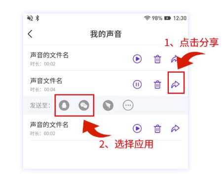 2、選擇語音包或者錄制好的聲音,點擊右邊分享按鈕。
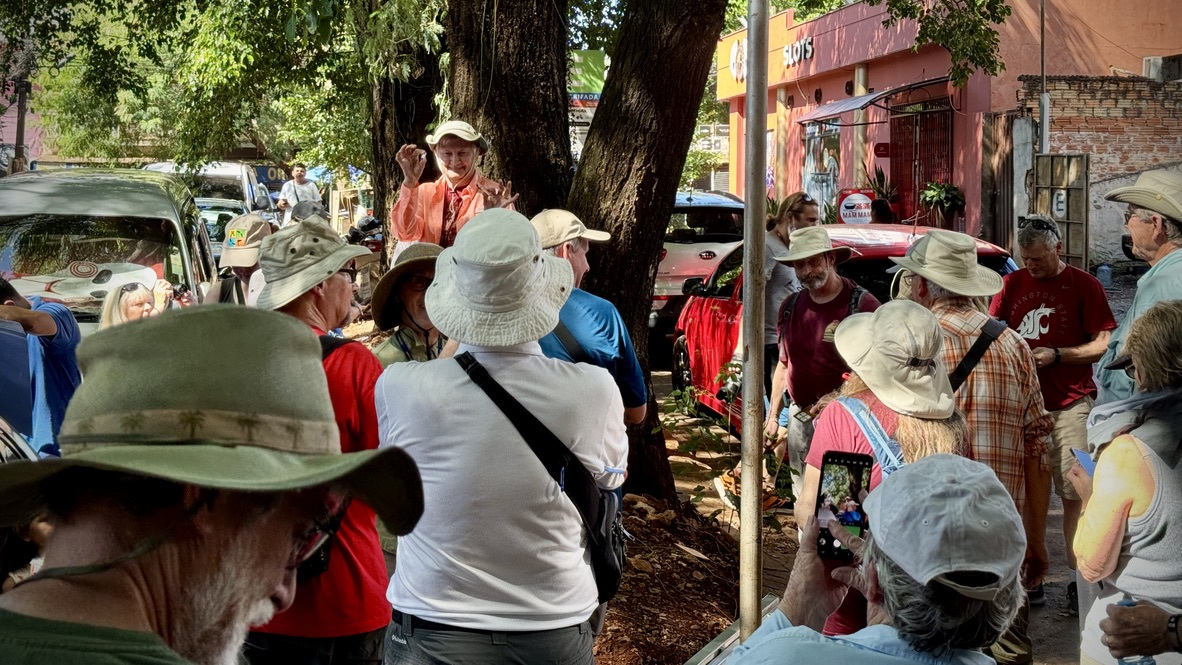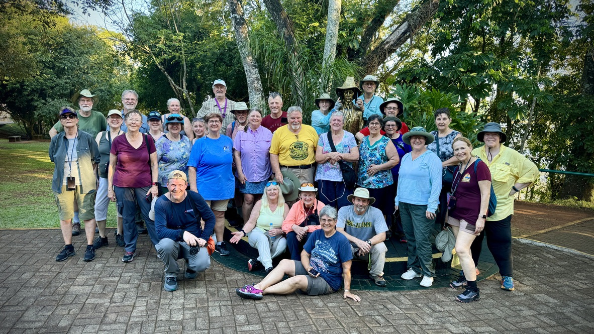 In March 2024, we (36 geocachers) met in Buenos Aires, flew to Iguazu Falls for a couple of days (which included a side trip to Paraguay). We then flew to Sau Paulo and bussed to Intervales State Park for a few days in the Brazillian Jungle! While in Intervales State Park, the whole group made it along the trail to the famous Mission-4: Southern Bowl Project APE Cache led by our guide who hacked away the overgrown jungle with his machete. A number of our group also completed the APE Cache Geotour in the sweltering heat. This was a memorable trip for all, and a highlight of our South American adventures!
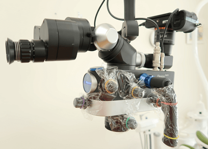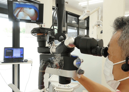 当院では、歯の寿命を考えた「できるだけ削らない」「できるだけ神経を取らない」「できるだけ元通りの状態に戻す」治療のために最高性能のマイクロスコープを導入し、拡大された視野の中で、妥協のない精密なむし歯修復治療を行っています。
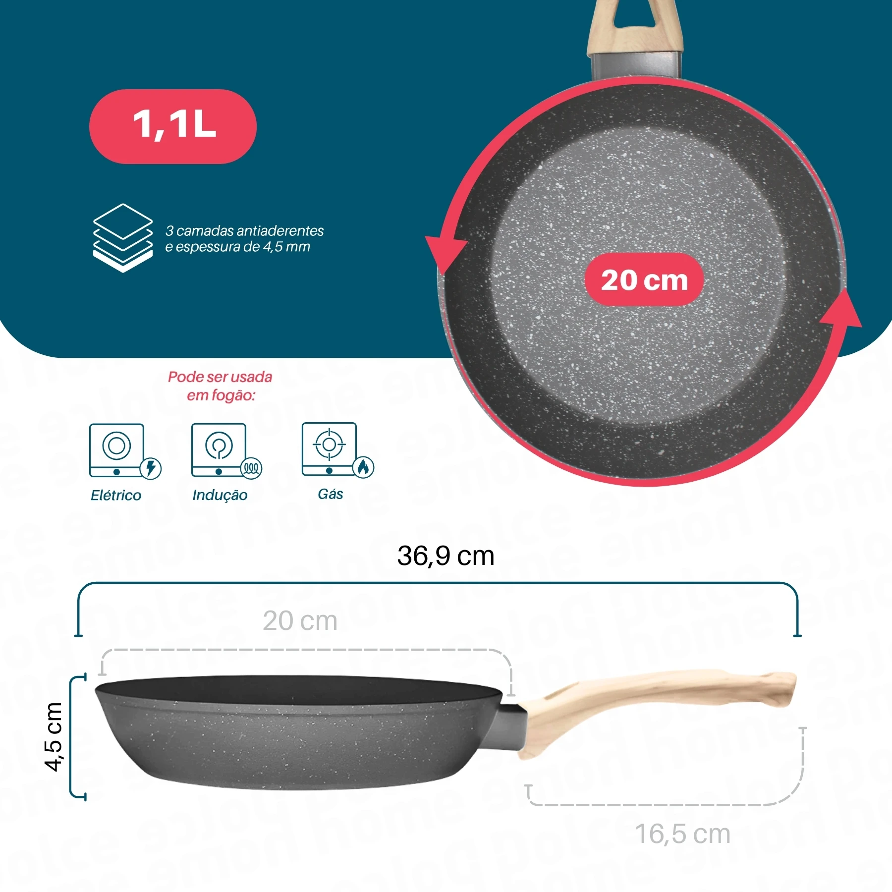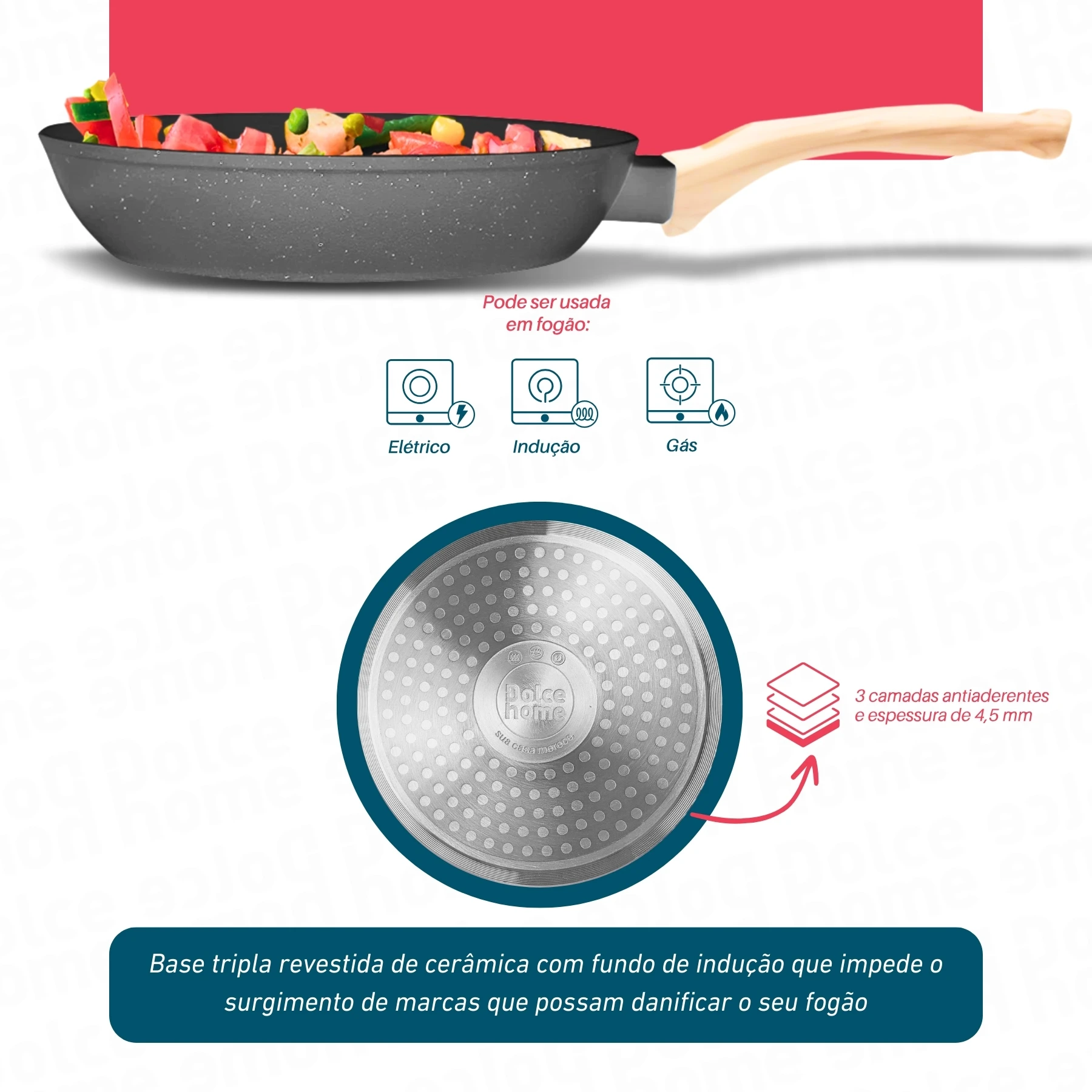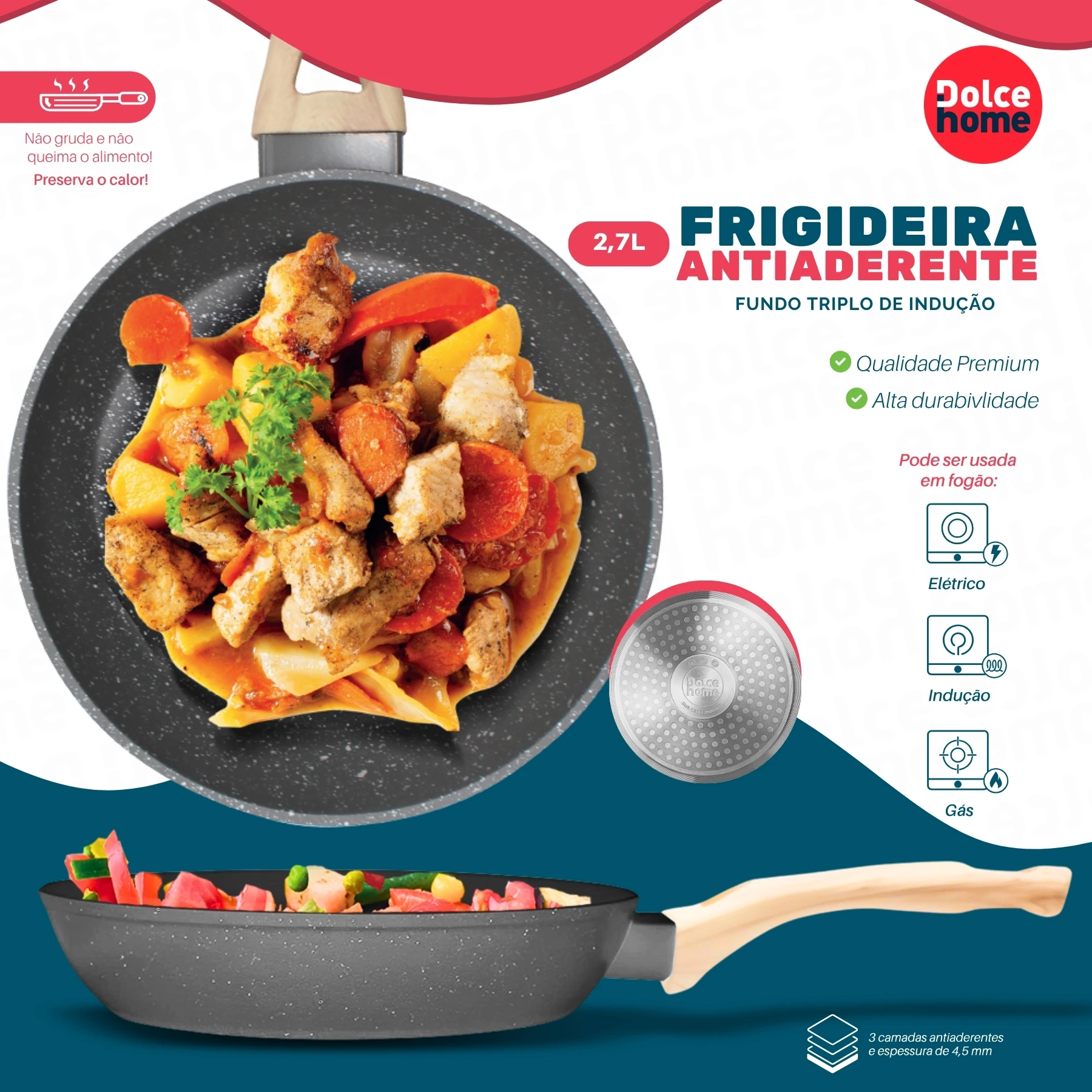 Frigideira Indução 3 Tamanhos Fundo-triplo Revestimento Antiaderente - Dolce Home
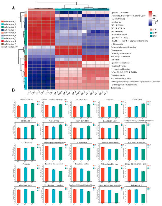 The differential metabolites of the three Cordyceps were analyzed and evaluated by a hierarchical cluster analysis (HCA). Among the many differential metabolites, we visualized the top 25 differential metabolites and found that they were divided into 10 subclusters (Figure 5A), and the 10 subclusters are shown in Table S4. The results showed that many differential metabolites belonging to the superclass of lipids and lipid-like molecules were significantly overexpressed in CS. Compared with the other two groups of samples, the expression of lipid metabolites such as LysoPC(18:1/0:0), (2E,4E)-Hexa-2, 4-Dienedioylcarnitine, PA (18:3/18:1), Isoetharine, PC (18:2/0:0), and PA (18:3/18:1) was significantly higher than CC and CM (Figure 5B), while the oleuropein of the terpene glycosides and sesquiterpenoids belonging to terpene glycosides were significantly overexpressed in the CM samples. In addition, poncirin and N-oleoyl histidine in flavonoid glycosides, peptides, and analogs were found to have a significantly higher abundance in CC than in the other two samples. Notably, N-linoleoyl lysine, DG (a-21:0/0/20:4-2OH), and gluconic acid were significantly overexpressed in CC and CM. N-Linoleoyl Leucine; carbohydrates; carbohydrate conjugates of amino acids, peptides, and analogs; Tuliposide B; hydroxypropionylcarnitine; and 3-beta-Hydroxy-17-(1H-imidazol-1-yl) androsta-5,16-diene on androstane steroids have a high abundance in CM and CC. In summary, the differences in the metabolites of the three Cordyceps mainly exist in lipids and amino acids, which provides new insights for us to search for suitable biomarkers to distinguish.

● ● ● ● ●

● YOUR GOAL
Every entry above needs to be printed again exactly, with its pictures left out.

● ANSWER TO THIS PROBLEM
 2、選擇語音包或者錄制好的聲音,點擊右邊分享按鈕。
 In March 2024, we (36 geocachers) met in Buenos Aires, flew to Iguazu Falls for a couple of days (which included a side trip to Paraguay). We then flew to Sau Paulo and bussed to Intervales State Park for a few days in the Brazillian Jungle! While in Intervales State Park, the whole group made it along the trail to the famous Mission-4: Southern Bowl Project APE Cache led by our guide who hacked away the overgrown jungle with his machete. A number of our group also completed the APE Cache Geotour in the sweltering heat. This was a memorable trip for all, and a highlight of our South American adventures!
 当院では、歯の寿命を考えた「できるだけ削らない」「できるだけ神経を取らない」「できるだけ元通りの状態に戻す」治療のために最高性能のマイクロスコープを導入し、拡大された視野の中で、妥協のない精密なむし歯修復治療を行っています。
 Frigideira Indução 3 Tamanhos Fundo-triplo Revestimento Antiaderente - Dolce Home
 The differential metabolites of the three Cordyceps were analyzed and evaluated by a hierarchical cluster analysis (HCA). Among the many differential metabolites, we visualized the top 25 differential metabolites and found that they were divided into 10 subclusters (Figure 5A), and the 10 subclusters are shown in Table S4. The results showed that many differential metabolites belonging to the superclass of lipids and lipid-like molecules were significantly overexpressed in CS. Compared with the other two groups of samples, the expression of lipid metabolites such as LysoPC(18:1/0:0), (2E,4E)-Hexa-2, 4-Dienedioylcarnitine, PA (18:3/18:1), Isoetharine, PC (18:2/0:0), and PA (18:3/18:1) was significantly higher than CC and CM (Figure 5B), while the oleuropein of the terpene glycosides and sesquiterpenoids belonging to terpene glycosides were significantly overexpressed in the CM samples. In addition, poncirin and N-oleoyl histidine in flavonoid glycosides, peptides, and analogs were found to have a significantly higher abundance in CC than in the other two samples. Notably, N-linoleoyl lysine, DG (a-21:0/0/20:4-2OH), and gluconic acid were significantly overexpressed in CC and CM. N-Linoleoyl Leucine; carbohydrates; carbohydrate conjugates of amino acids, peptides, and analogs; Tuliposide B; hydroxypropionylcarnitine; and 3-beta-Hydroxy-17-(1H-imidazol-1-yl) androsta-5,16-diene on androstane steroids have a high abundance in CM and CC. In summary, the differences in the metabolites of the three Cordyceps mainly exist in lipids and amino acids, which provides new insights for us to search for suitable biomarkers to distinguish.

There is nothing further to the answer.